Stored dataset items

┄┄┄┄┄┄┄┄┄┄

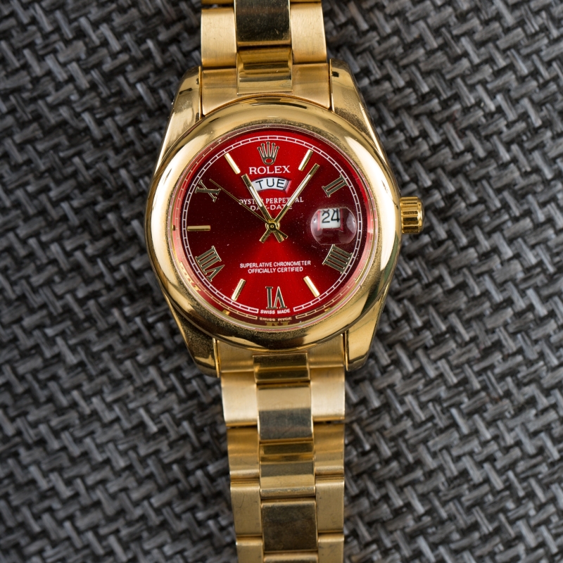 ltr style= line-height:1.38;margin-top:0pt;margin-bottom:0pt;>font-size: 11pt; font-family: Arial; font-variant-numeric: normal; font-variant-east-asian: normal; vertical-align: baseline; white-space: pre-wrap;>هذا الحذاء من أويستر بربتشوال داي-ديت 40 من الذهب الأصفر عيار 18 قيراطا مع ميناء أحمر وإطار مخدد وسوار رئيس.
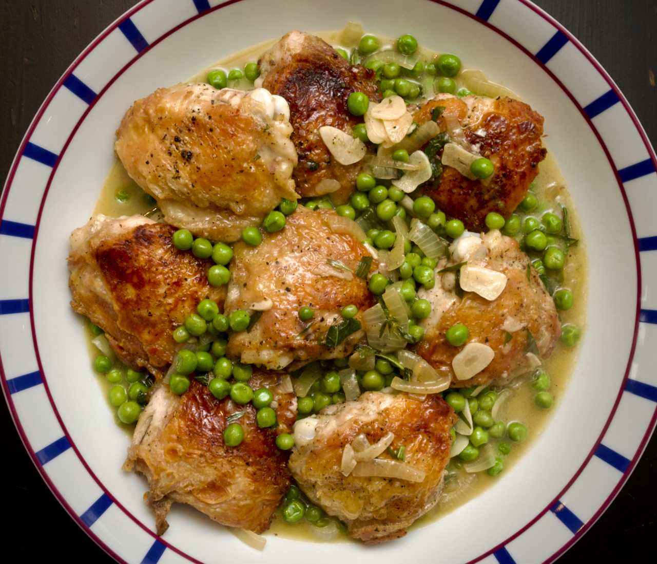 Remove the chicken from the oven and add the thighs to the pan with the peas, pouring over any juices on the tray. Stir and season with salt and pepper, then serve.
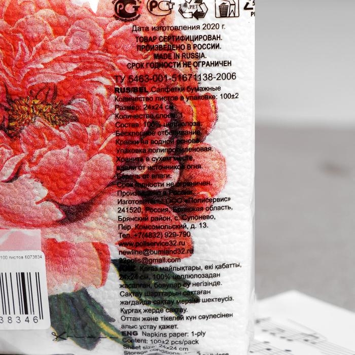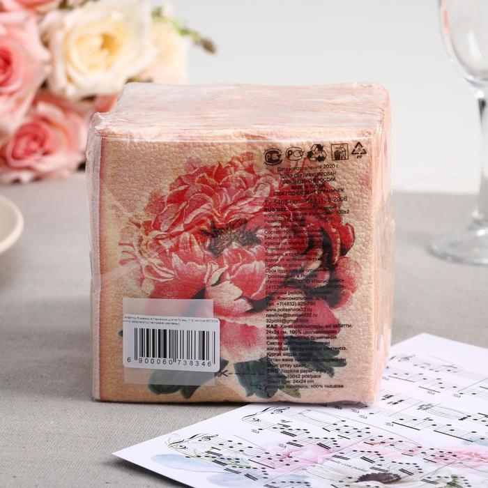 Салфетки бумажные Гармония цвета Пионы, 100 листов
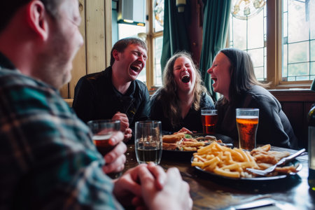 Happy Faces Sharing Pub Grub Delights
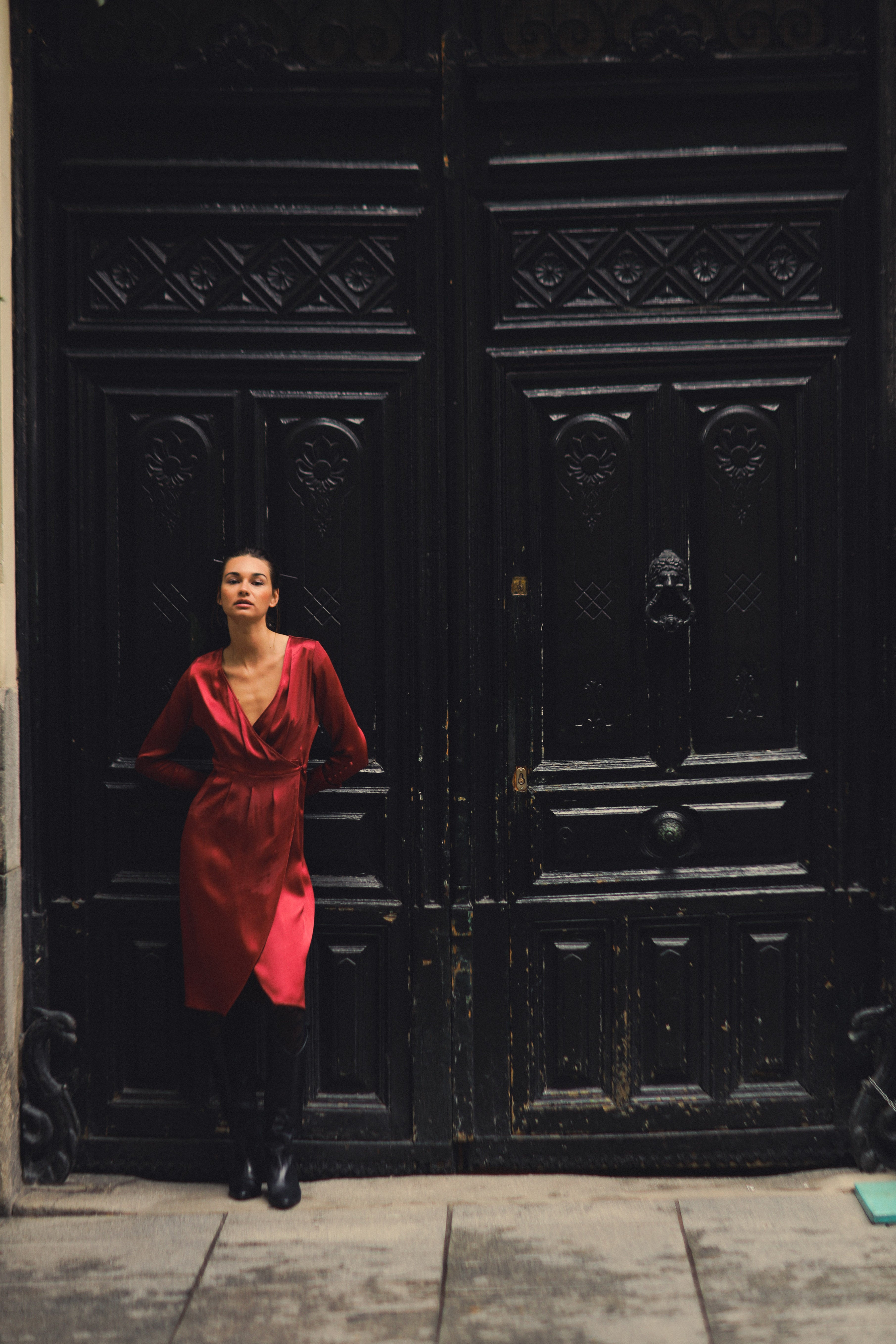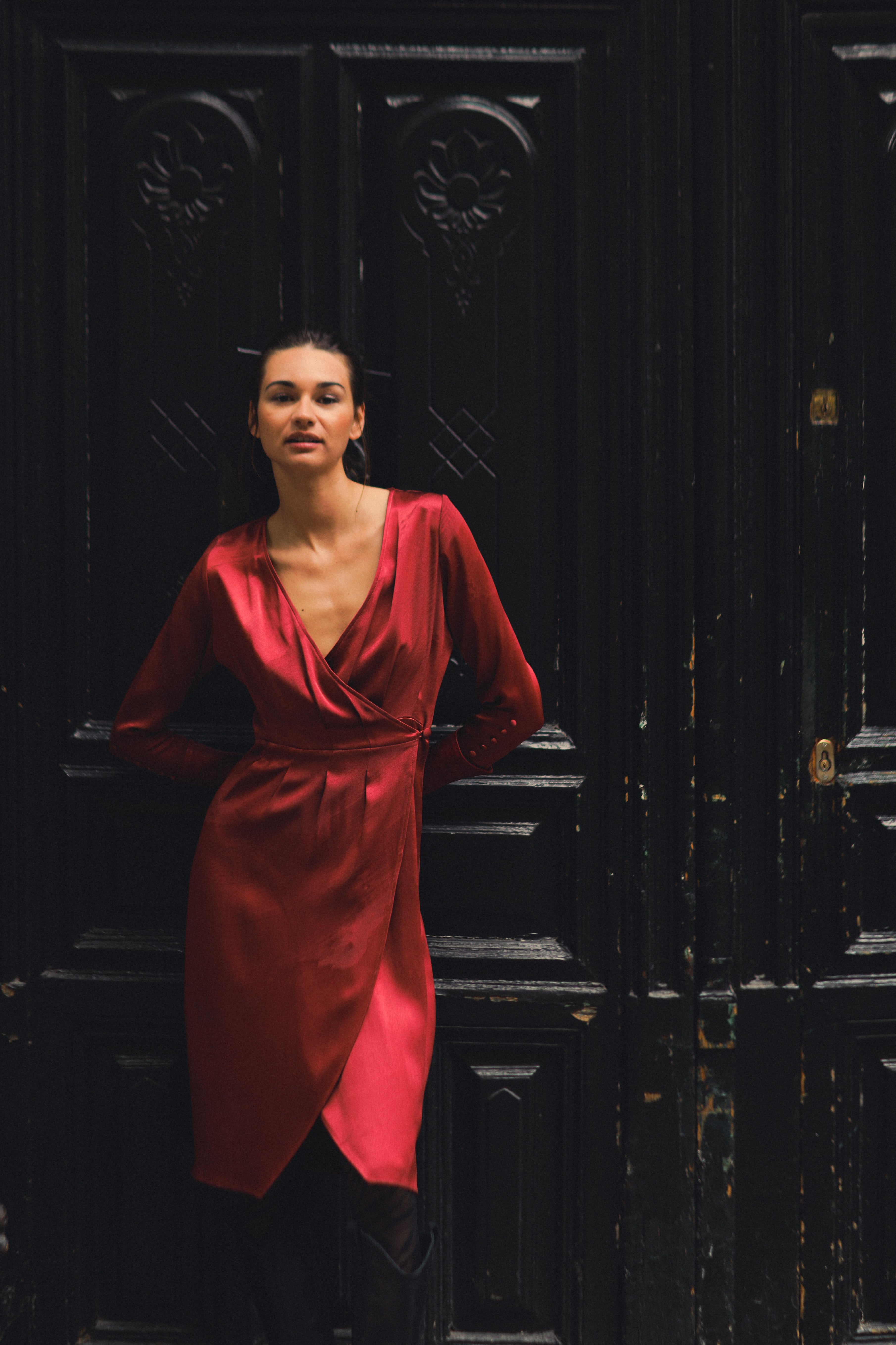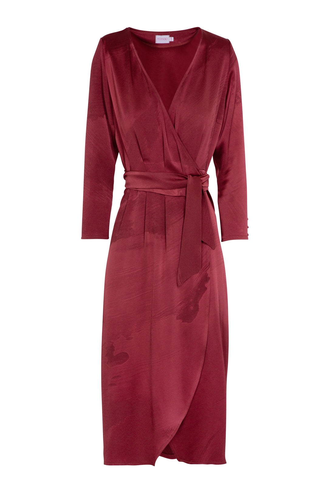 Vestido de manga larga con escote pico y cintura fruncida en color teja.

┄┄┄┄┄┄┄┄┄┄

TASK INSTRUCTIONS:
All of the data must be given again exactly, without the pictures.

REPLY:
 ltr style= line-height:1.38;margin-top:0pt;margin-bottom:0pt;>font-size: 11pt; font-family: Arial; font-variant-numeric: normal; font-variant-east-asian: normal; vertical-align: baseline; white-space: pre-wrap;>هذا الحذاء من أويستر بربتشوال داي-ديت 40 من الذهب الأصفر عيار 18 قيراطا مع ميناء أحمر وإطار مخدد وسوار رئيس.
 Remove the chicken from the oven and add the thighs to the pan with the peas, pouring over any juices on the tray. Stir and season with salt and pepper, then serve.
 Салфетки бумажные Гармония цвета Пионы, 100 листов
 Happy Faces Sharing Pub Grub Delights
 Vestido de manga larga con escote pico y cintura fruncida en color teja.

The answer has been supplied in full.